After the services we attended on Sunday, Church of Scotland will seem comfortable and familiar, though sometimes I think we maybe miss out on the added spiritual depths these different forms of worship can have. The way I see it, if that works for an individual - if they find God in that worship - then it's doing what it is there for. If God is the focus and is felt, does it matter how we get there?

Sunday, 13 February 2011

Bible in a year - been there, done that.

Back in August 2009, I bought myself a chronological bible. Over the course of 2010, I religiously (pardon the pun) read it. I did enjoy it, as I can now say I have read the entire bible. So far, so good.

Some things I found a little annoying about this method of bible study was its sheer nature. Lump all evens which happened at the same time together and is can become a bit of a repetitive dialogue. I suppose it did make it a little interesting to note how similar different books of the bible were in terms of their narrative. Generally, I enjoyed putting the events and stories into context and the achievement of reading the whole bible.

So, at the start of the new year, it seemed the most obvious thing I could do was to start at the beginning again. I've managed 1 month. I realised just how much I'd remembered (I tend to be like that with my reading - have to wait years to re-read books I enjoyed). I also realised I wasn't getting any depth to my study. I was just reading it. I wasn't getting background on events or a deeper understanding of how the people and places relate to me. Shocking as it sounds, after a month of re-reading the chronological bible, I became a bit bored with merely reading the bible.

Now, I wonder how to approach my personal bible study. I have bought Tom Wright's Matthew for everyone, so I could work through Matthew. I could use Tom Wright's "For everyone" series for the whole of the New Testament, I suppose, but what about the old testament? What do you do? I'm interested to learn others experiences and things they find helpful and useful for their own bible study.

Saturday, 12 February 2011

Tired

It's not long until my last day at work. I have, quite deliberately, kept back a large chunk of leave so I don't have to work until the wire on 31 March.
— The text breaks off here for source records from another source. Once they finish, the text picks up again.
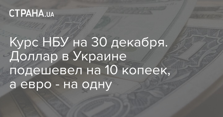 Курс НБУ на 30 декабря. Доллар в Украине подешевел на 10 копеек, а евро - на одну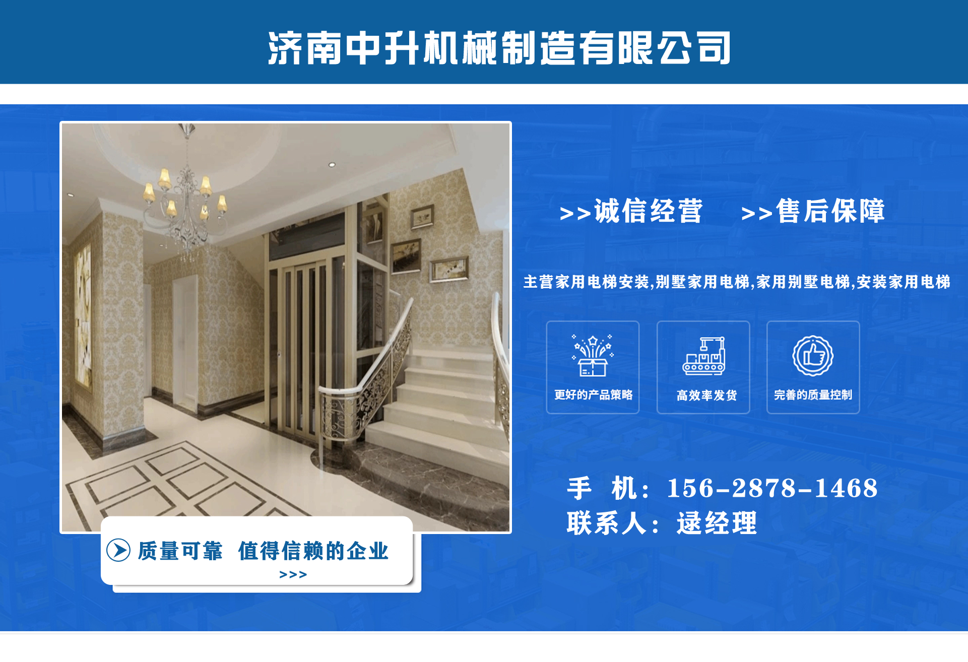 濟(jì)南中升機(jī)械制造有限公司主營(yíng)家用電梯安裝,別墅家用電梯,家用別墅電梯,安裝家用電梯等業(yè)務(wù),質(zhì)量可靠,值得信賴! 公司為客戶提供免費(fèi)上門測(cè)量,根據(jù)實(shí)際情況1對(duì)1服務(wù),保障符合用戶需求,終身提供售后服務(wù),讓用戶買的舒心用的放心。匠心團(tuán)隊(duì),打造信賴產(chǎn)品,我們有團(tuán)結(jié)、奮進(jìn)拼搏的匠心團(tuán)隊(duì),為您提供可信賴的品質(zhì)保證?! 膭?chuàng)立以來(lái)一直嚴(yán)格執(zhí)行質(zhì)量管理體系、環(huán)境管理體系等相關(guān)標(biāo)準(zhǔn)管理體系,“顧客滿意”是我們始終如一的追求。我們有屬于自己培養(yǎng)的安裝隊(duì)伍,24小時(shí)服務(wù)電話,為您提供可靠的服務(wù)與支持。 我們的愿景是建設(shè)國(guó)內(nèi)具有影響力的電梯公司,做城市美好空間的好伙伴。...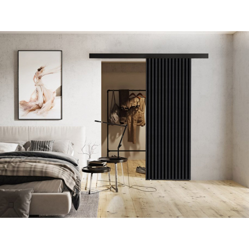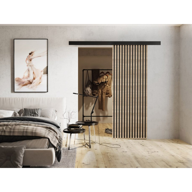 - křídlo dveří se posouvá po vedení namontovaném nad dveřním otvorem pod krytem,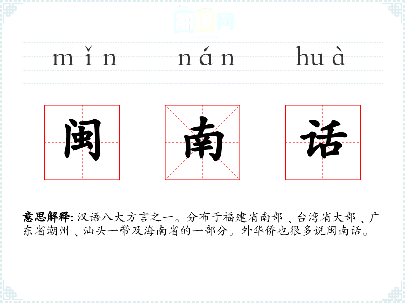 汉语八大方言之一。分布于福建省南部﹑台湾省大部﹑广东省潮州﹑汕头一带及海南省的一部分。外华侨也很多说闽南话。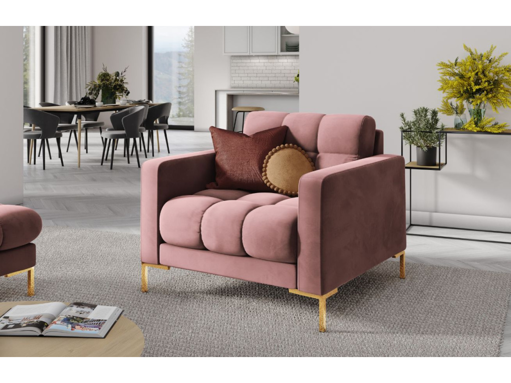 Chcete si krásně vybavit svůj domov? Křeslo Mamaia je pro to ideální volbou. Tento kus nábytku se vyznačuje jednoduchým, ale vkusným tvarem. Čalounění je vyrobeno z tkaniny imitující samet s jemným leskem, které je velmi měkké a hedvábné na dotek. Navíc se značí dobrou odolností proti oděru, díky tomu je vhodné i do komerčních prostor. Kromě estetických kvalit je křeslo také pozoruhodně pohodlné a ergonomické. Celek doplňují elegantní knoflíky na opěradle, které křeslu dodávají noblesu a stylové zakončení. Sezení je podtrženo kovovou, zlatě lakovanou podnoží. Mamaia je v nabídce v řadě barevném provedení. Vyberte si to pravé do vašeho interiéru!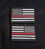 Embroidered 'Thin Red Line' US Flag patch set. Includes forward and rear-facing flags. Each patch measures 3" x 2" with hook Velcro-backing.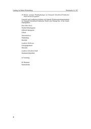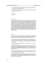 Landtag von Baden-Württemberg Drucksache 16 / 857 9. Welche Erkenntnisse liegen ihr über den Wertverlust von Immobilien im Zu- sammenhang mit Windkraftanlagen vor? 10. Welche sonstigen Windkraftanlagen im Naturpark Schwäbisch-Fränkischer Wald sind derzeit geplant? 21. 10. 2016 Dr. Merz AfD Begründung Derzeit laufen Planungen zur Errichtung von vier Windkraftanlagen im Naturpark Schwäbisch-Fränkischer Wald auf der im Regionalplan als WN-01 ausgewiese- nen Vorrangfläche „Greut“ auf Spiegelberger Gemarkung zwischen Vorder- büchelberg und Neufürstenhütte (Großerlach). Die beiden äußeren Anlagen sollen hierbei jeweils im Staatswald und weniger als 1.000 Meter von der nächsten Wohnbebauung errichtet werden. Vor dem Hintergrund der jüngsten Äußerungen des Ministers für Ländlichen Raum und Verbraucherschutz soll geklärt werden, ob die weiteren Planungen in der bisherigen Form eingestellt werden können. Ob- wohl die Bürger der betroffenen Gemeinden bereits über das Vorhaben informiert wurden, stellt sich die Frage, in welchem Umfang die Bürger auch über die reine Information hinaus an der Entstehung der Anlagen verbindlich beteiligt werden. Weiter soll die Kleine Anfrage der Beantwortung verschiedener Fragen der Be- völkerung dienen. Antwort Mit Schreiben vom 15. November 2016 Nr. 4-4516 beantwortet das Ministerium für Umwelt, Klima und Energiewirtschaft im Einvernehmen mit dem Ministerium für Ländlichen Raum und Verbraucherschutz die Kleine Anfrage wie folgt: 1. Wird sie für die geplanten Windkraftanlagen auf der im Regionalplan als WN- 01 ausgewiesenen Vorrangfläche „Greut“ Staatswald zur Verfügung stellen, obwohl zwei der Anlagen weniger als 1.000 Meter Abstand zur Wohnbebauung haben sollen? 2. Welche Ansicht vertritt der Minister für Ländlichen Raum und Verbraucher- schutz in dieser Frage? Die aktuell getroffene Regelung, nach der bei Standorten im Staatswald, die näher als 1.000 Meter zur nächsten Wohnbebauung liegen, vor einer möglichen Ver- marktung eine Einzelfallprüfung vorgenommen wird, gilt nur für zukünftige Ver- pachtungen. Den Standort RMK-23 Spiegelberg Greut hat ForstBW seit April 2014 unter Vertrag. 3. Inwiefern sollen die Gemeinderäte der Gemeinden Spiegelberg, Großerlach, Wüstenrot, Mainhardt und Sulzbach (Murr) bei der Verwirklichung des Pro- jekts verbindlich eingebunden werden? Beim zuständigen Landratsamt Rems-Murr-Kreis wurde für das Vorhaben noch kein immissionsschutzrechtlicher Genehmigungsantrag gestellt. Ein solcher ist für Mitte bis Ende 2017 angekündigt. Zurzeit befindet sich das Projekt in der Pla- nungs- und Untersuchungsphase. 2

Everyday, though, I am finding it harder and harder to be someone I am not. I am a people person who cares deeply about those around me - even those who don't like me. It's hard trying to get the work done well, so my colleagues don't have to fix my mistakes. It's also so those who dislike me don't get ammunition to shot me with even once I have left.

Just before I leave, I am going to "out" myself as a trainee minister. There are some who will not be up nor down about it. There are some who will be very positive about it (and perhaps may have already put two and two together). There are some, though, who will think it's the most preposterous thing they've heard. If they read the notice with a mouthful of coffee, I think their PC screen may wear it.

For me, it will be a release. I am looking forward to being able to tell people who I am. To be who I am. Called and loved by God, just as they are if they would only let him in. Maybe even those who I think would be negative about this remember things I have done - when I have spoken to the outcast from the group, for example - and realise I was doing those things to show God's love to those others reject.